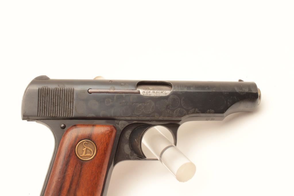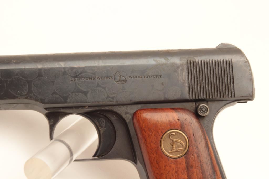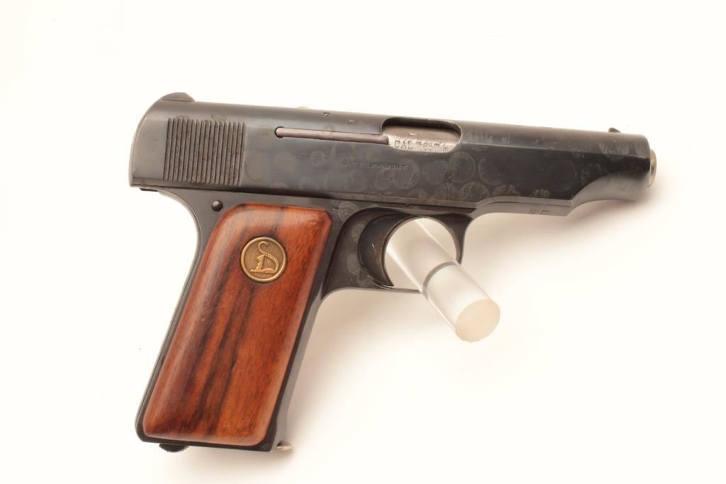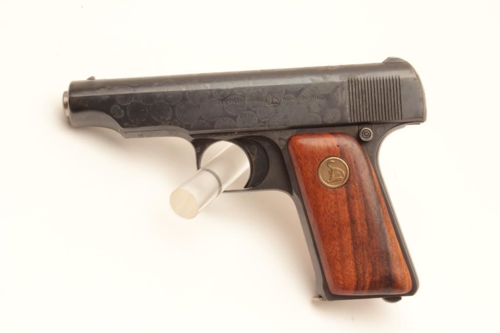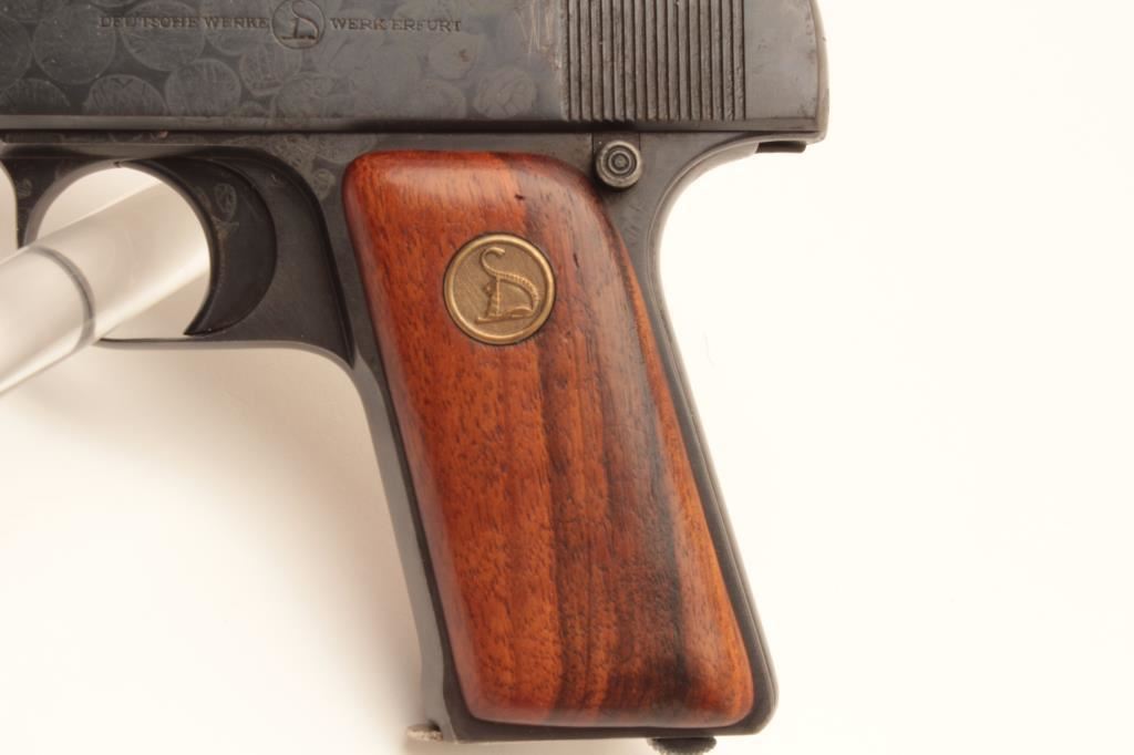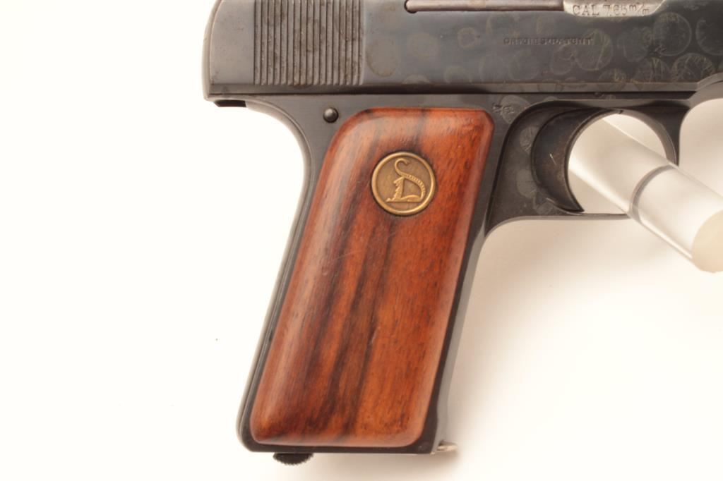 DWM Ortgies semi-automatic pocket pistol, 7.65mm caliber, 3.25” barrel, blued finish, smooth wood medallion grips, S/N 118756; overall good to very good condition with majority of blued finish remaining; surface finish shows coverage of what appears to be remnants of having been wrapped at one time in bubble wrap; very good bore, crisp action, sharp markings and very good grips; with cardboard box. (C&R/PPT). Est.: $175-$350.
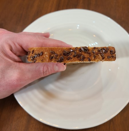 This bread isn’t gluten-free, it contains wheat. It also has flax seeds and sunflower seeds for a bit of a nutritional boost. Sunflower seeds are loaded with Vitamin E and flax seeds are a source of protein.
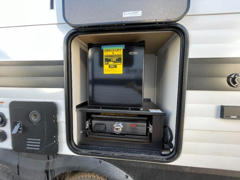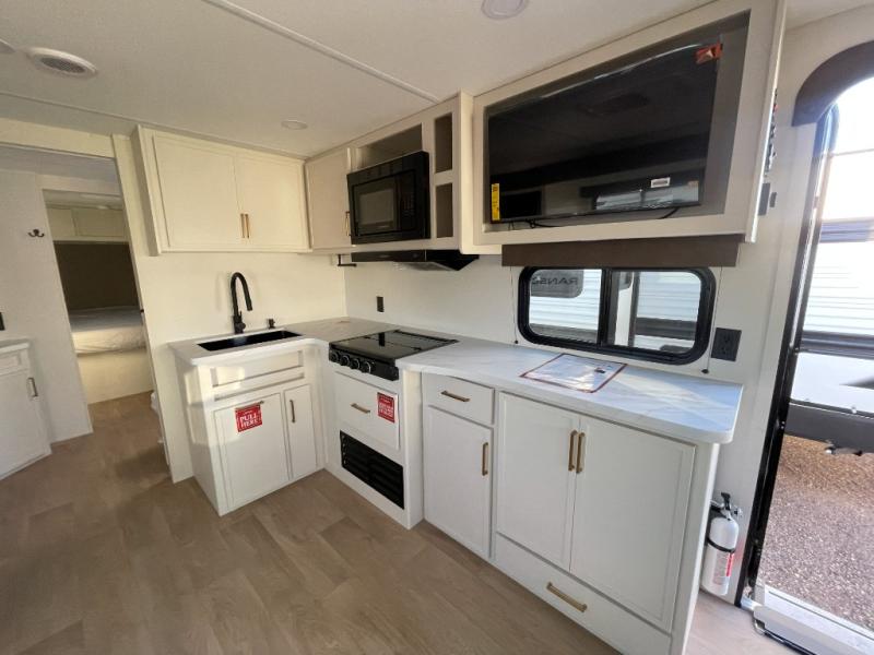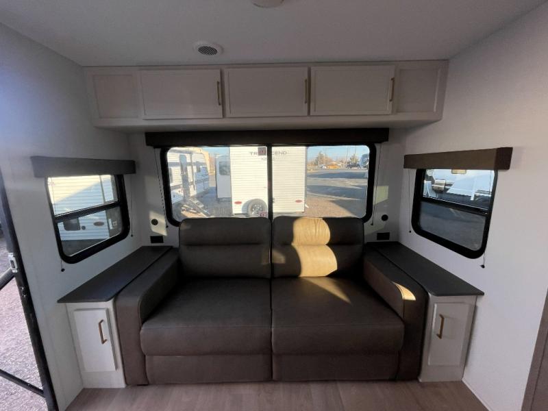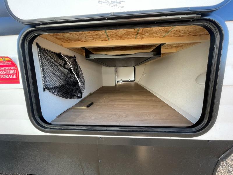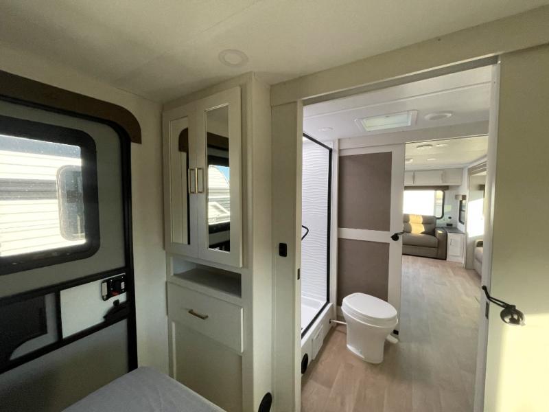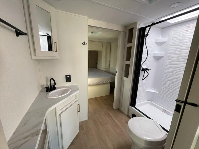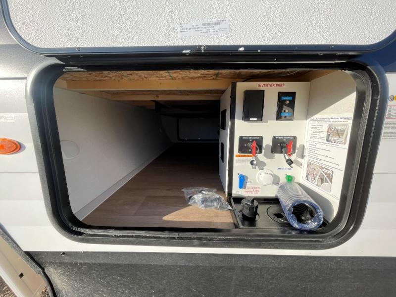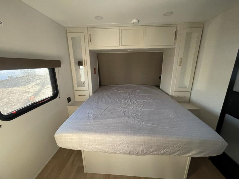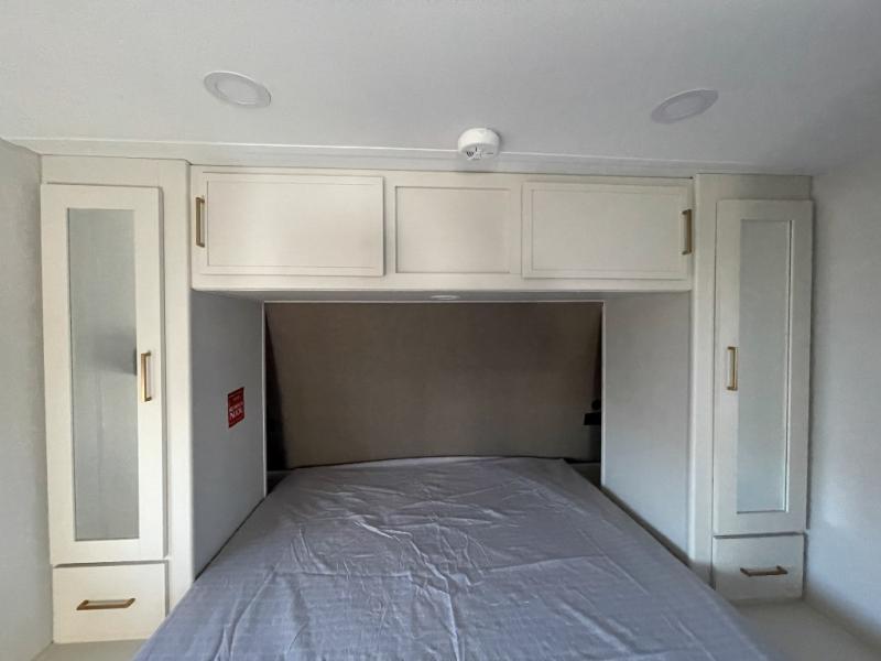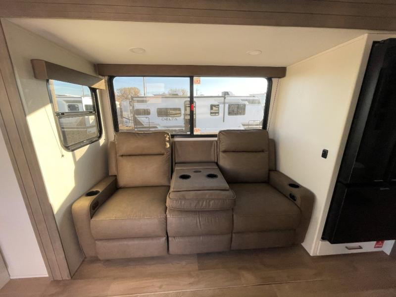 the amount of interior space you have in the living area thanks to the U-shaped dinette slide, which can be switched out for optional theater seats. The rear 70" sleeper sofa will be perfect for guests to sleep on, and the 32" TV lets you enjoy movie nights. There is a three burner range and convection microwave/combo air fryer to cook meals inside, or you can cook on the exterior griddle with a 1.7 cu. ft. refrigerator. And the 17' power awning will provide much wanted shade as you visit with friends. Back inside, the walk-thru bath is both spacious and convenient since it can be accessed from the main living area and the front master bedroom. Here, you'll find a queen bed, storage space, plus TV prep if you want to add a television. You even have your own exterior entry door for convenience!
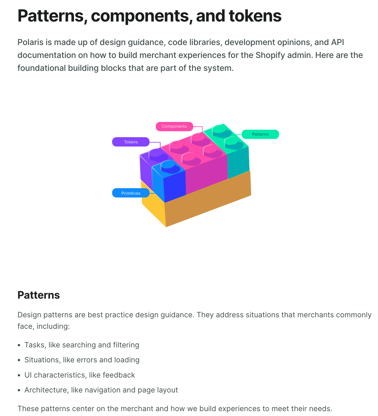 polaris.shopify.com/content/getting-started/patterns-components-and-tokens/index.md
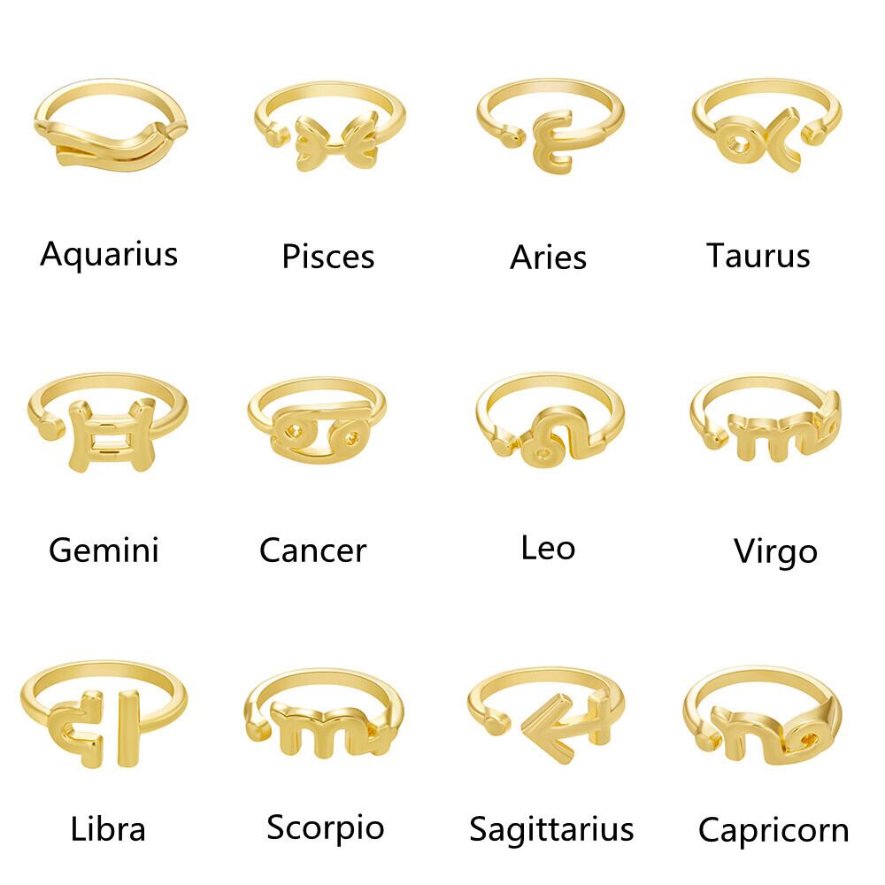 送料無料 小さなシンプルなオープニングリングゴールドスライバーカラー干支サインリング女性12星座リングパーソナリティジュエリーギフト 指輪 アクセサリー AE1777767710177041
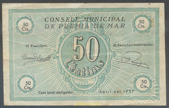 CONSELL MUNICIPAL DE PREMIA DE MAR 50 CENTIMS 1937
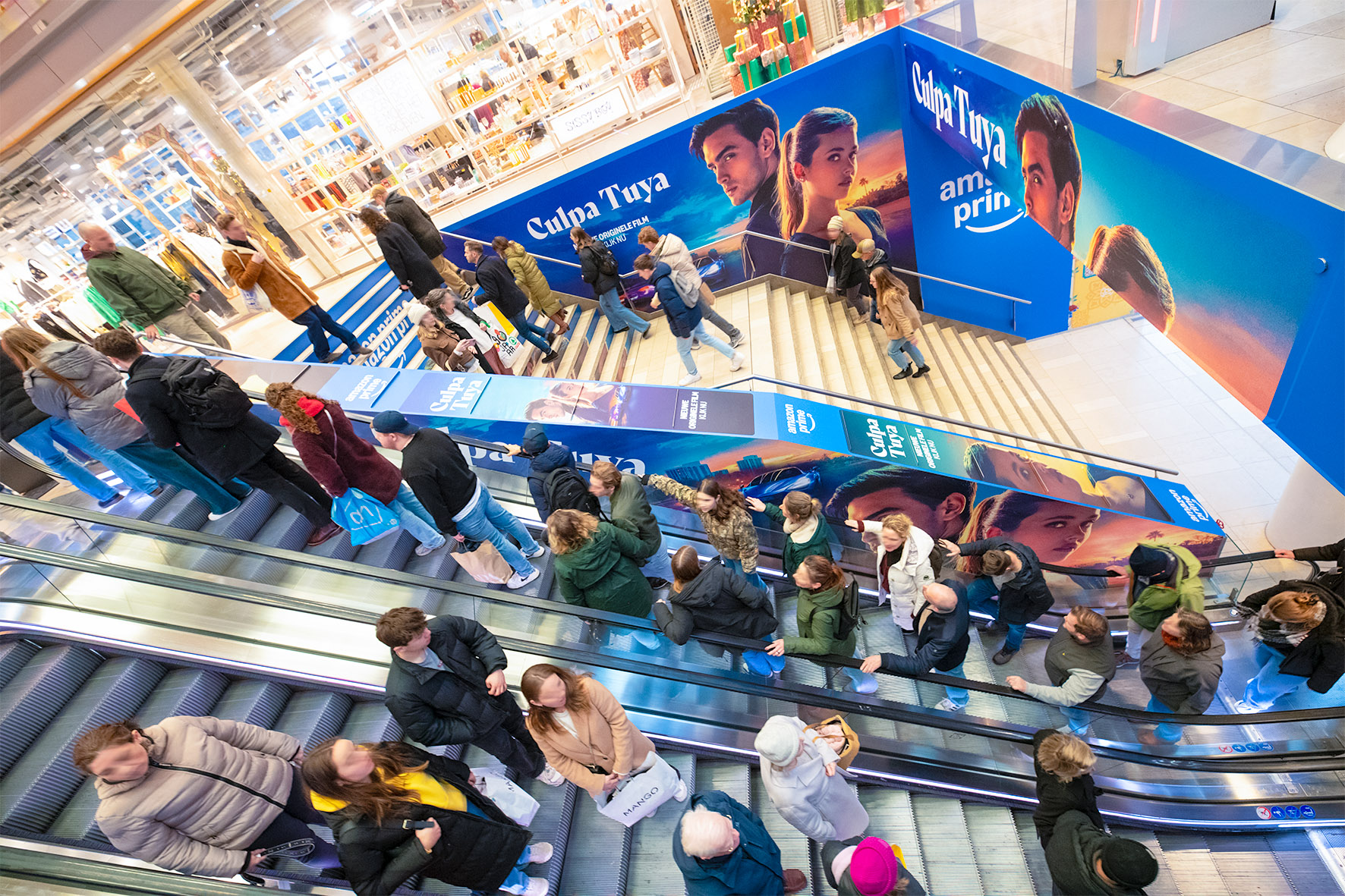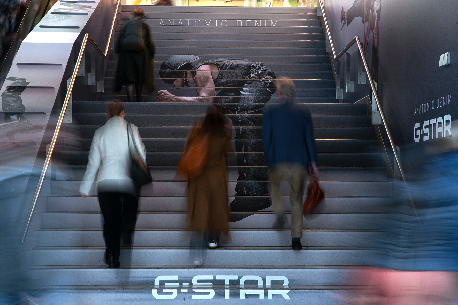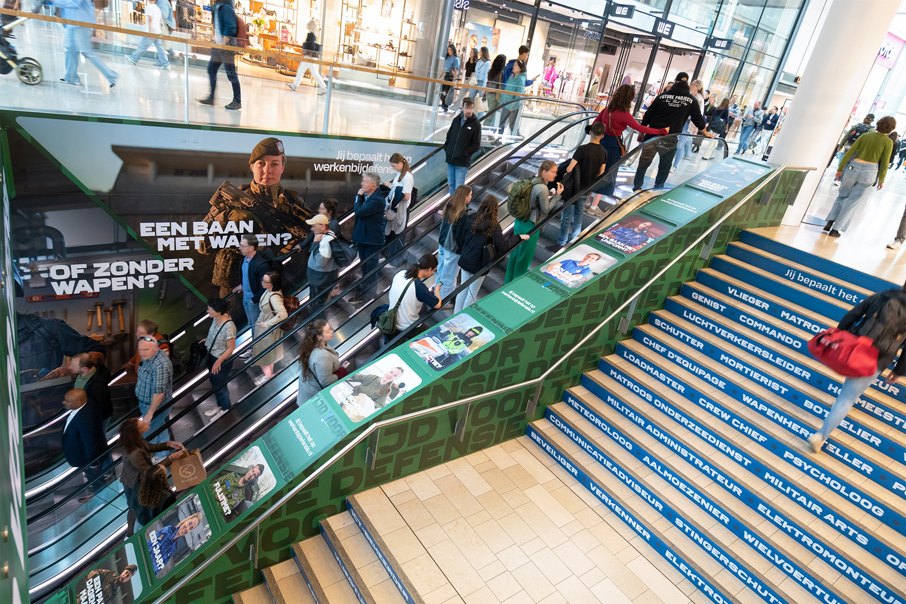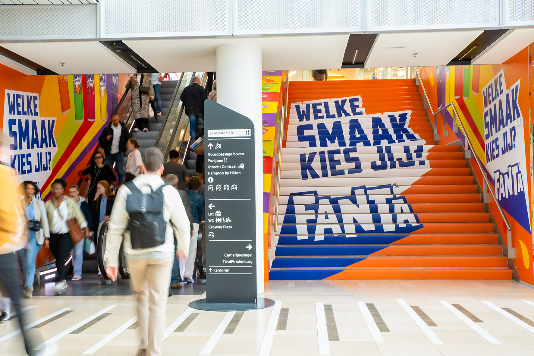 Make a brand statement in shopping mall Hoog Catharijne, the busiest retail hub in the Netherlands, with full wrapping of the Stairs. This location concerns the North side, but can be combined with the South side. The 'Stairs' are a huge eye-catcher that passers-by cannot ignore, especially in combination with stickers on the walls. Upon arrival on the first floor, a matching digital campaign on the screen reinforces The North Mile; the perfect complement to this brand experience.

....................

> **WHAT THE TASK ASKS**
Extract all the entries word for word; omit any pictures.

> **RESPONSE TO THE EXERCISE**
 DWM Ortgies semi-automatic pocket pistol, 7.65mm caliber, 3.25” barrel, blued finish, smooth wood medallion grips, S/N 118756; overall good to very good condition with majority of blued finish remaining; surface finish shows coverage of what appears to be remnants of having been wrapped at one time in bubble wrap; very good bore, crisp action, sharp markings and very good grips; with cardboard box. (C&R/PPT). Est.: $175-$350.
 This bread isn’t gluten-free, it contains wheat. It also has flax seeds and sunflower seeds for a bit of a nutritional boost. Sunflower seeds are loaded with Vitamin E and flax seeds are a source of protein.
 the amount of interior space you have in the living area thanks to the U-shaped dinette slide, which can be switched out for optional theater seats. The rear 70" sleeper sofa will be perfect for guests to sleep on, and the 32" TV lets you enjoy movie nights. There is a three burner range and convection microwave/combo air fryer to cook meals inside, or you can cook on the exterior griddle with a 1.7 cu. ft. refrigerator. And the 17' power awning will provide much wanted shade as you visit with friends. Back inside, the walk-thru bath is both spacious and convenient since it can be accessed from the main living area and the front master bedroom. Here, you'll find a queen bed, storage space, plus TV prep if you want to add a television. You even have your own exterior entry door for convenience!
 polaris.shopify.com/content/getting-started/patterns-components-and-tokens/index.md
 送料無料 小さなシンプルなオープニングリングゴールドスライバーカラー干支サインリング女性12星座リングパーソナリティジュエリーギフト 指輪 アクセサリー AE1777767710177041
 CONSELL MUNICIPAL DE PREMIA DE MAR 50 CENTIMS 1937
 Make a brand statement in shopping mall Hoog Catharijne, the busiest retail hub in the Netherlands, with full wrapping of the Stairs. This location concerns the North side, but can be combined with the South side. The 'Stairs' are a huge eye-catcher that passers-by cannot ignore, especially in combination with stickers on the walls. Upon arrival on the first floor, a matching digital campaign on the screen reinforces The North Mile; the perfect complement to this brand experience.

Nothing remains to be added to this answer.